荘厳なオープニングSEがライブの始まりを知らせると、ゲンジブの7人はたっぷりと焚かれたスモークの向こう側からゆっくりと姿を現した。オープニングナンバーとして届けられたのは、ダークなニュアンスときらびやかな高揚感を行き来する、ゲンジブ流のアバンギャルドなクリスマスソング「アビスと清らな銀世界」。メンバーの背後のLEDビジョンに映し出される雪模様のステンドグラスや、鐘の音とともにゆらめくスポットライトが妖しい聖夜を演出する中、7人は世界観に入り込んだパフォーマンスで観測者(原因は自分にある。ファンの呼称)の手を引いていく。

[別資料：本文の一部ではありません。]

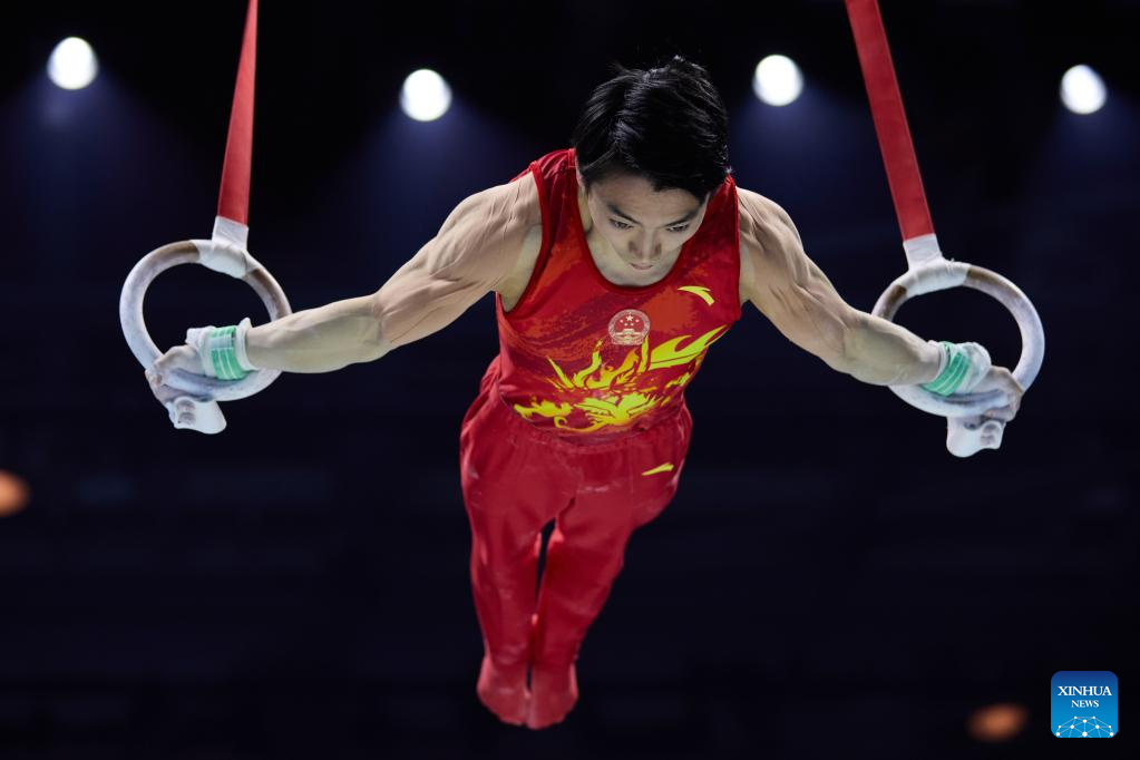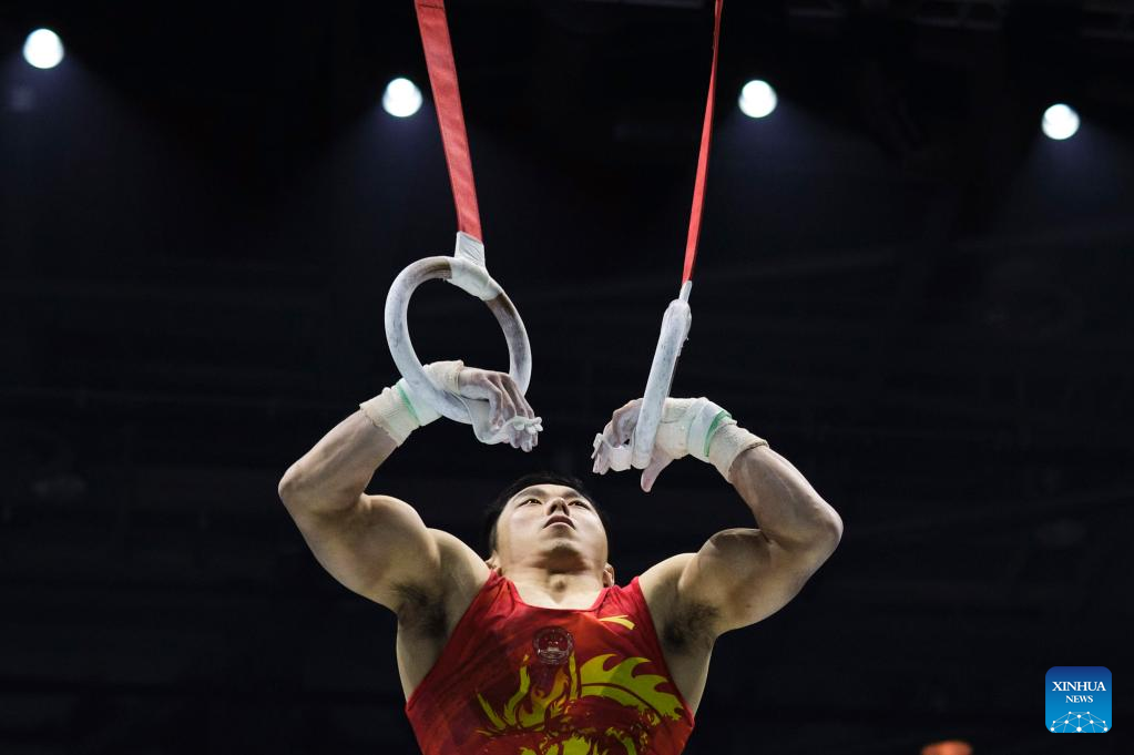 You Hao of China competes in rings event of men's qualifications at the 51st FIG Artistic Gymnastics World Championships in Liverpool, Britain, Oct. 31, 2022. (Xinhua/Meng Dingbo)

原因は自分にある。(Photo by Hanna TAKAHASHI)

原因は自分にある。(Photo by Hanna TAKAHASHI) [高画質で見る]

まっすぐに前を見据える7人の表情が順にLEDビジョンに映し出された「キミヲナクシテ」が2曲目に届けられると、そのアウトロで大倉空人は「ここからは、事前のアンケートで人気だった楽曲を披露していきたいと思います。ぜひ最後まで楽しんでいってください!」と宣言した。ファンクラブイベントならではのリクエストコーナーで披露されたのは「ネバーエンドロール」と「鳴らして、シンバル」。「ネバーエンドロール」では「好きだよ」と歌う小泉光咲のさわやかな表情や「めっちゃ好き!」と歌詞をアレンジしてハートマークを形作る大倉の姿に甘やかな歓声が上がり、ひさびさの披露となった「鳴らして、シンバル」ではアップリフティングなディスコサウンドを乗りこなして鮮やかなステップやターンを決める7人の姿に、フロアを埋め尽くす7色のペンライトの光もリズミカルに揺れる。

原因は自分にある。(Photo by Hanna TAKAHASHI)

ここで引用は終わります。